- Peter Sullivan foi condenado em 1986 pelo homicídio de Diane Sindall e passou 38 anos encarcerado após interrogatórios sem advogado.
- Em dois mil e vinte e três, testes de ADN provaram a sua inocência e, em maio de dois mil e vinte e cinco, foi libertado.
- Surgem novas alegações de agressões durante o interrogatório e pedidos de desculpas; pode haver indemnização de até 1,3 milhão de libras.
- O caso de Diane Sindall permanece sob reabertura, sem detenções associadas até o momento.

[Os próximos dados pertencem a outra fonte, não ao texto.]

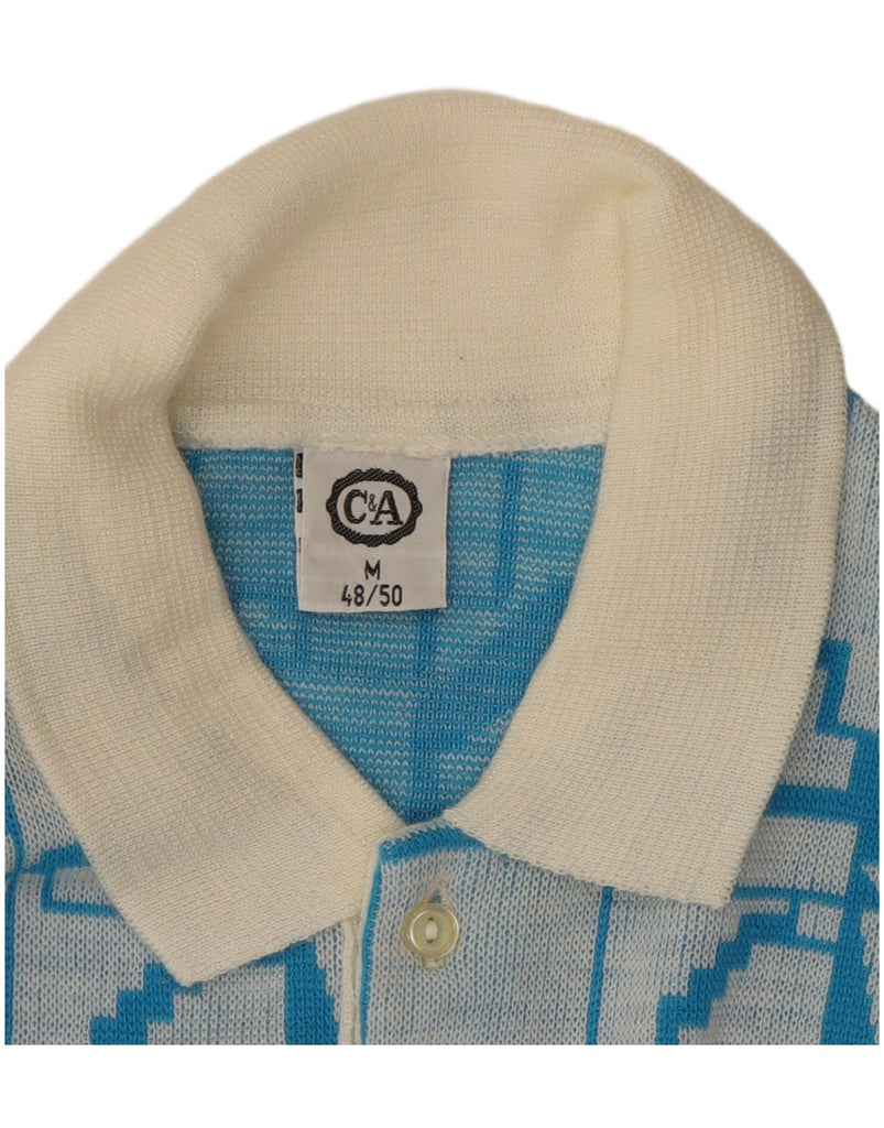 C&A Mens Polo Neck Jumper Sweater IT 48/50 Medium Blue Geometric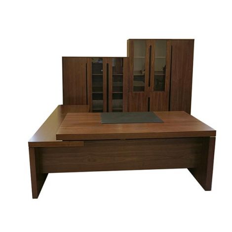 Меблі покриті натуральним шпоном дуба. Основу стільниці складає МДФ-плита. Цей матеріал більш практичний, ніж класична деревина. Усередині плита має однорідне наповнення: відсутні різні мікротріщини, сучки та зазори. Завдяки цьому стіл прослужить своєму власнику далеко не один рік, витримуючи механічну дію та температурні перепади. Захист від вологи даному столу для керівника забезпечує покриття з високоякісного натурального шпону.

- A polícia de Merseyside afirmou não ter conhecimento de agressões ou ameaças, indicando que o aconselhamento legal foi recusado nas primeiras entrevistas.
Peter Sullivan, condenado em 1986 pelo homicídio de Diane Sindall, no Reino Unido, foi libertado em maio de 2025 após 38 anos na prisão. A libertação ocorreu após testes de ADN de 2023 validarem a sua inocência, revelando falhas graves no processo de confissão obtida sob interrogatórios sem advogado.
Sullivan, hoje com 68 anos, afirma ter sido submetido a interrogatórios agressivos e a confissões forçadas. Em entrevista à BBC, descreveu repetidos episódios de resistência física, privação de alimentação e pressão para admitir crimes que alegadamente não cometeu. O caso de Diane Sindall permanece sob reabertura, com investigação ativa de novas hipóteses.
A polícia de Merseyside negou conhecer alegações de agressões na época, mantendo que não há registos dessas situações. O Ministério Público já abriu caminhos para possível indemnização ao condenado, com teto de até 1,3 milhões de libras, conforme legislação britânica para condenações injustas. O caso de Diane Sindall depende de novas evidências e não houve detenções recentes.
Contexto do caso: Diane Sindall, de 21 anos, foi encontrada seminua num beco em Birkenhead, em 1986. Roupas foram localizadas posteriormente em zona de arvoredo, a uma distância, e testemunhos recolhidos após reportagem contribuíram para a detenção de Sullivan. O histórico de 22 interrogatórios em quatro semanas acompanhou o processo de condenação.
A reavaliação de 2023, por comissão de casos criminais, levou aos testes de ADN das amostras do corpo, que indicaram inocência. Em maio de 2025, o juiz ordenou a libertação de Sullivan. A vítima permanece objeto de reabertura investigativa, com sem novas detenções anunciadas até ao momento.